O Brasil em geral e São Paulo, em particular, saúda a chegada de Bush e a possibilidade de um acordo americano-brasileiro a respeito do etanol. Lula exulta e vê no etanol a salvação da lavoura, do Brasil e do mundo.
No entanto, quem conhece a história do Brasil e das regiões caribenhas, ou seja, do conjunto da América Negra, sabe como a grande lavoura açucareira carrega uma tradição de escravismo, de trabalho compulsório, de exploração de assalariados e de ruína do meio ambiente. Sabe também como esta atividade deu lugar às oligarquias mais atrasadas de nosso país e a um mandonismo regional autoritário e tinhoso.
Durante séculos, senhores de engenho e usineiros viveram pendurados em subvenções governamentais. Desde o início da colonização, a Coroa estabeleceu regras que davam um estatuto corporativo à açucarocracia colonial. Assim, o “privilégio de senhor de engenho” protegia os senhores de engenho contra o arresto de seus escravos por seus credores. Paralelamente, as matas e rios eram destruídos pela expansão dos canaviais e o despejo do vinhoto. Fenômeno descrito num livro pioneiro e pouco conhecido de Gilberto Freyre, Nordeste (1937).

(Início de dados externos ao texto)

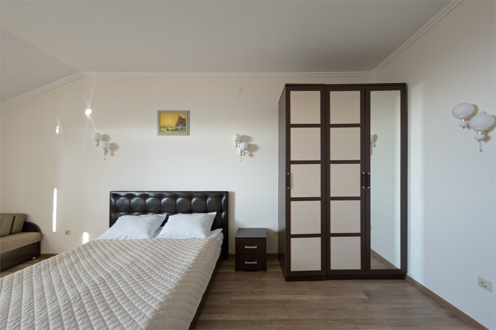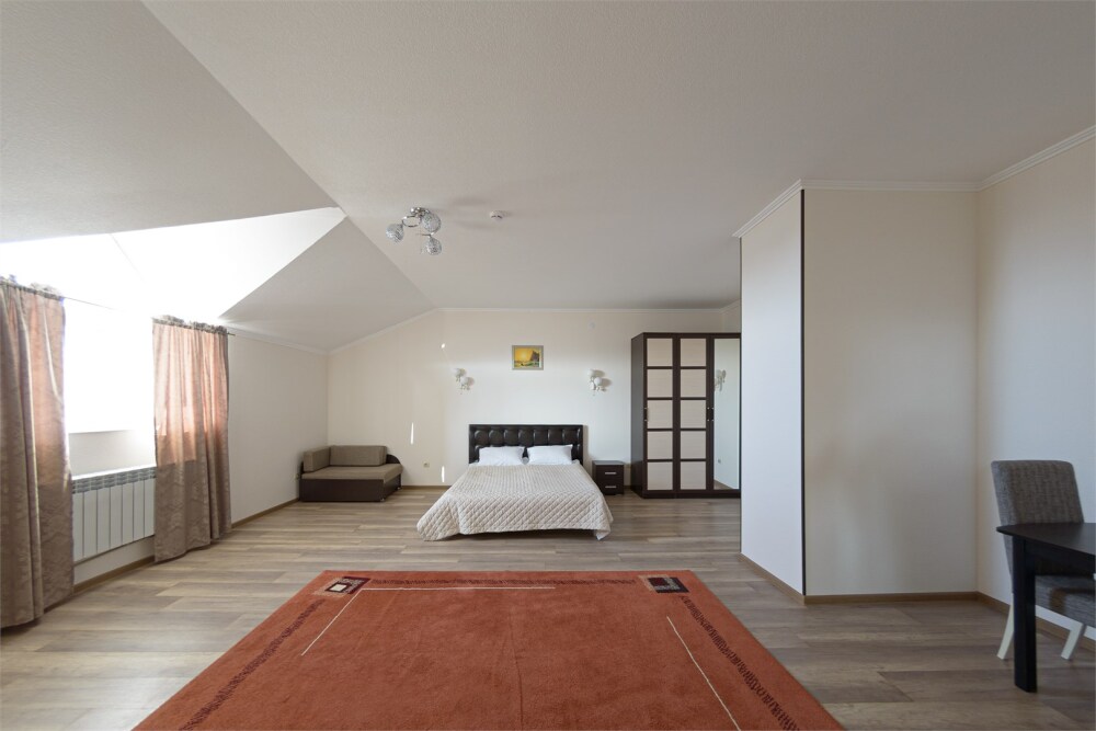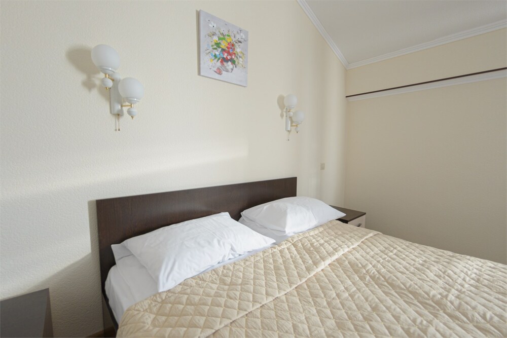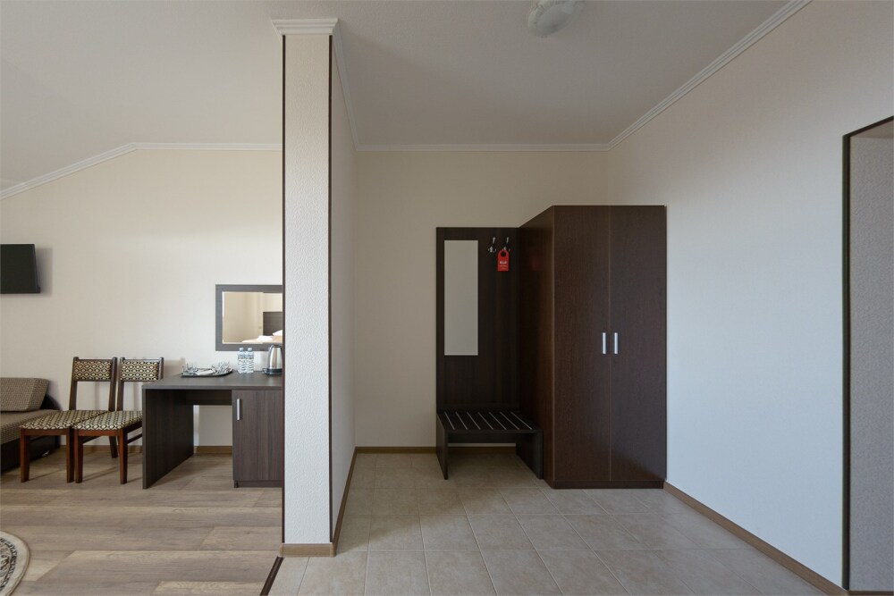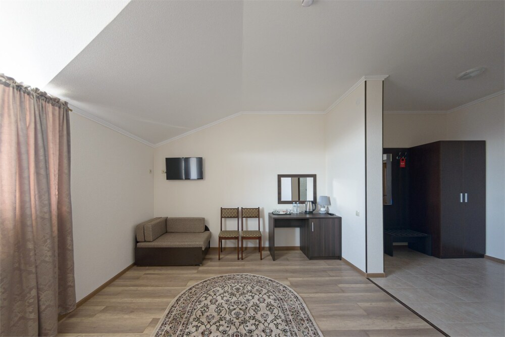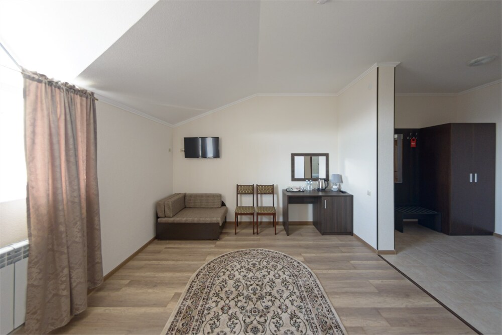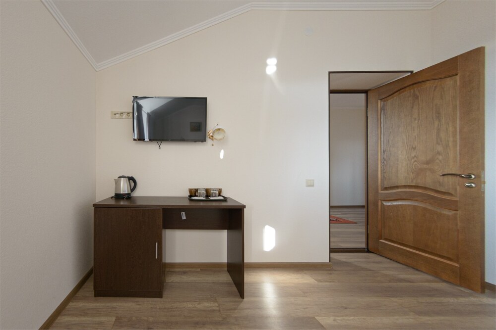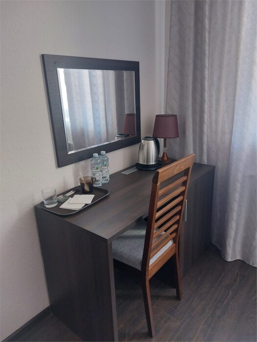 Номер также оснащен необходимой мебелью для приятного времяпрепровождения и комфорта (письменный стол, стулья, полноценная просторная ванная комната). Wi-fi в холле отеля.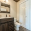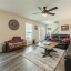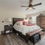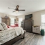 The main-level master suite is a private retreat with a sliding barn door, double vanities, garden tub, separate shower, and a large walk-in closet. Wood floors flow throughout the home, complemented by 9-foot smooth ceilings, electronic thermostats, and keyless entry for modern convenience.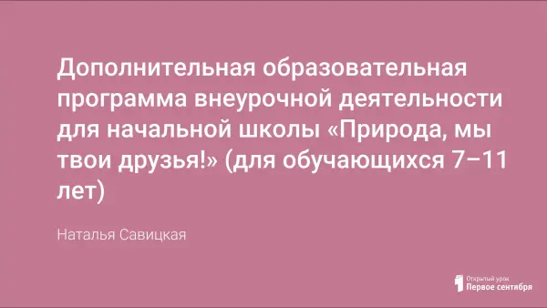 Дополнительная образовательная программа внеурочной деятельности для начальной школы «Природа, мы твои друзья!» (для обучающихся 7–11 лет)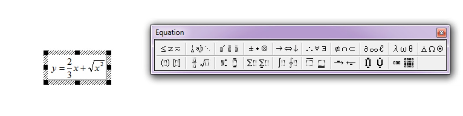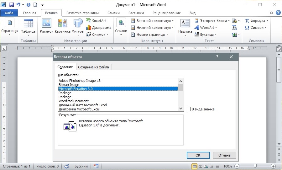 Вставки объекта microsoft equation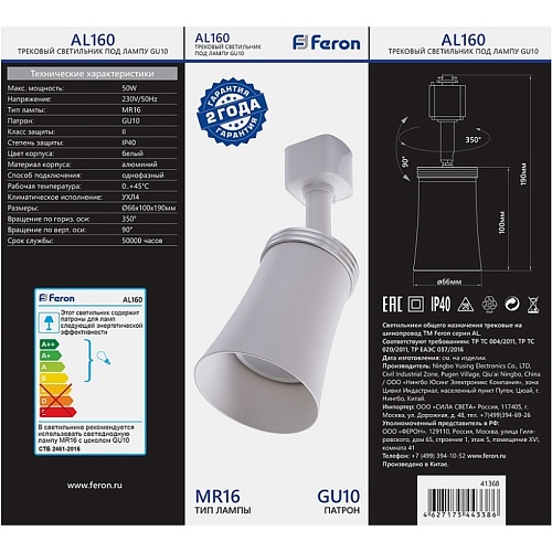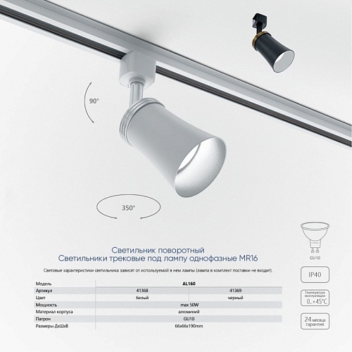 Характеристики Светильники трековые на шинопровод FERON AL160 41368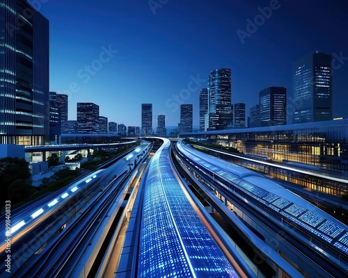 Fototapeta premium Modern city powered by interconnected renewable energy sources and underground energy storage, futuristic technology

Quando foi lançado o Pró-Alcool, muitos analistas exprimiram opiniões pessimistas, prevendo mais destruição do meio ambiente, extensão da monocultura e do proletariado rural. De lá para cá, resolveu-se boa parte do problema do vinhoto, que agora pode ser transformado em adubo. Mas os estragos ambientais e sociais continuam.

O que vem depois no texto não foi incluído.